Q.1. This is a very general question, but something that I cannot wrap my head around. I invite the authors to try and help me understand. (The remedy to this will also affect my perception of the weaknesses)

Throughout the text this is an analysis of (e.g.) HiPPO initialization, but the results presented are for trained models. I am surprised that the pathology predicted by the initialization is preserved through training quite so neatly. For instance, in Figure 3, how do you obtain the frequencies that the model should be perturbed at? Do you inspect the trained model, or the a-priori specified HiPPO matrix? Each channel in the S4D model should have different frequencies, and so are you corrupting them all? Or just one?

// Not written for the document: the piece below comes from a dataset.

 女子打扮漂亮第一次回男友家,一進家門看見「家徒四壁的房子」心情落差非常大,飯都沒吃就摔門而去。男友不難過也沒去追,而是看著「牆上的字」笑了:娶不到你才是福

My follow-up is why does the approximate diagonalization on initialization lead to more robust trained models? Presumably EE isn’t learned? Once the model is diagonalized, the initialization is essentially thrown away. As a result, there is a real disconnect in Figure 3. It looks like S4-PTD might be slightly worse than S4, but the training curves are ostensibly identical. But the robustness to perturbations is clear. Why do these pathological frequencies survive training in S4?

I think there might be two contributions here that are currently wrapped up in one-another. The first contribution is an analysis of the frequency properties of a hypothetical (single) SSM. The second contribution is an initialization scheme for systems of deep SSMs that is derived from some of this insight, but doesn’t necessarily directly solve the initial problem.

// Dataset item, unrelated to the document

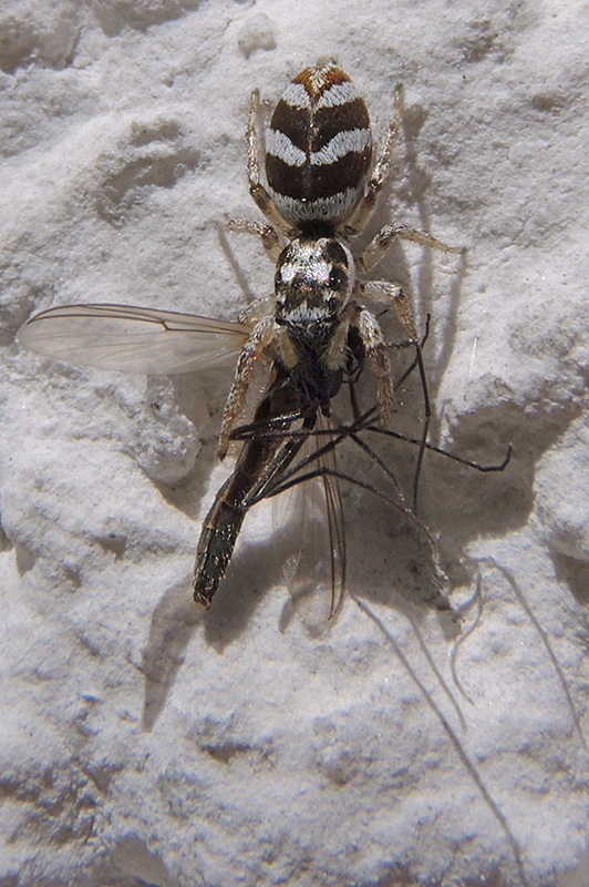 Eine Zebraspringspinne hat eine Zuckmücke (Chironomidae) erbeutet. Informationen zum Tier: Art: Zebraspringspinne (Salticus scenicus). Verbreitung: Europa, nördliches Asien und Nordamerika, häufig. Lebensräume: Das natürliche Habitat sind steinige Trockenrasen. In Nähe des Menschen sind sie oft auf Mauerwerk oder Zäunen anzutreffen. Dabei bevorzugen sie sonnenexponierte, windstille Bereiche. Merkmale: Die Tiere weisen auf dem Vorderleib (Prosoma) ein weisses Fleckenpaar und auf dem Hinterleib (Opisthosoma) drei breite, dunkle Querbänder auf. Die schwarzweisse Zeichnung wird durch hell und dunkel gefärbte Schuppenhaare hervorgerufen. Ältere Tiere sind meist dunkler gefärbt, da sich die Schuppenhaare mit der Zeit abreiben und die dunklere Grundfärbung hervortritt. Die unregelmässig gefleckten Beine sind relativ kurz, wodurch die Tiere gedrungen wirken. Männchen erreichen eine Körperlänge von 4 - 7 mm, Weibchen eine solche von 5½ - 7½ mm. Das Erkennungsmerkmal der Männchen sind die sehr langen, schräg nach vorn gerichteten Cheliceren. Ein weiteres auffälliges Merkmal sind die beiden grossen Frontaugen. Neben diesen ist ein weiteres Augenpaar nach vorn gerichtet. Vier weitere Augen befinden sich an den Seiten des Vorderleibes. Aufgrund dieser Anordnung können sie auch nach hinten sehen. Im Gegensatz zu anderen Spinnen, die auf das Ertasten von Erschütterungen oder Erkennen von Bewegungen angewiesen sind, erkennen Springspinnen auch tote Insekten als Nahrung. Lebensweise: Die tagaktiven Tiere leben meist in festen Revieren und sind ortstreu. Männchen kann man von März bis September, Weibchen von März bis Dezember antreffen. An nassen oder kühlen Tagen ziehen sie sich in ihr Gespinst zurück. Dieses dient auch der Überwinterung. Nahrung: Insekten und kleine Larven. Bei der Jagd nähert sich die Spinne langsam der Beute an. Aus einem Abstand von bis zu 5 cm springt sie dann auf das Beutetier und tötet dieses mit einem Giftbiss. Bis die Wirkung des Giftes einsetzt, hält sie die Beute mit ihren kräftigen Beinen fest. Das Gift wirkt bei Insekten sehr schnell, für den Menschen sind die Tiere hingegen absolut ungefährlich. Vor dem Sprung sichert sie sich mit einem Faden gegen einen Absturz, so dass sie nach einem missglückten Sprung wieder an den Ausgangspunkt zurückkehren kann. Zum Springen werden das dritte und das vierte Beinpaar ruckartig gestreckt. Mit den beiden ersten Beinpaaren wird das Beutetier ergriffen und die Landung gebremst. Paarung: Die Paarungszeit erstreckt sich etwa von Mai bis August. Rivalisierende Männchen liefern sich teilweise heftige Kämpfe. Die Männchen präsentieren sich dem Weibchen bei der Balz mit weit geöffneten Cheliceren. Die teilweise Stunden dauernde Paarung findet in der Gespinströhre statt. Anschliessend verlässt das Männchen die Partnerin. Es kümmert sich auch nicht um die Aufzucht. Ei: Bis über 20 Eier werden in einem kleinen Kokon abgelegt. Jungtiere: Die Jungtiere schlüpfen ab etwa Juni bis in den August. Das Weibchen ist den Jungtieren behilflich und öffnet den Kokon. In der ersten Zeit ernähren sich die Jungtiere vom Eidotter. Nach der ersten Häutung sind sie dann selbständig. Lebenserwartung: Als adultes Tier bis 15 Monate. Feinde: Singvögel, Wespen, Schlupfwespen. |

For instance, I would like to see an experiment sweeping over the perturbation frequency (e.g. combining Figures 1 & 3), and showing that there are certain choice frequencies that destroy performance, as opposed to just a model that is less robust to any perturbations. I think this is an important distinction that is somewhat predicted by the theory, but is unverified. I think this is what Figure 6 might be driving at, but to my eye, it looks like the diagonal system is just unilaterally worse than DPLR. This would also be an empirical validation of Figure 1. I would like to see the results for an untrained system, a single trained DPLR system, and also for an S4D model (where there are multiple S4 systems in parallel, each with their own characteristics).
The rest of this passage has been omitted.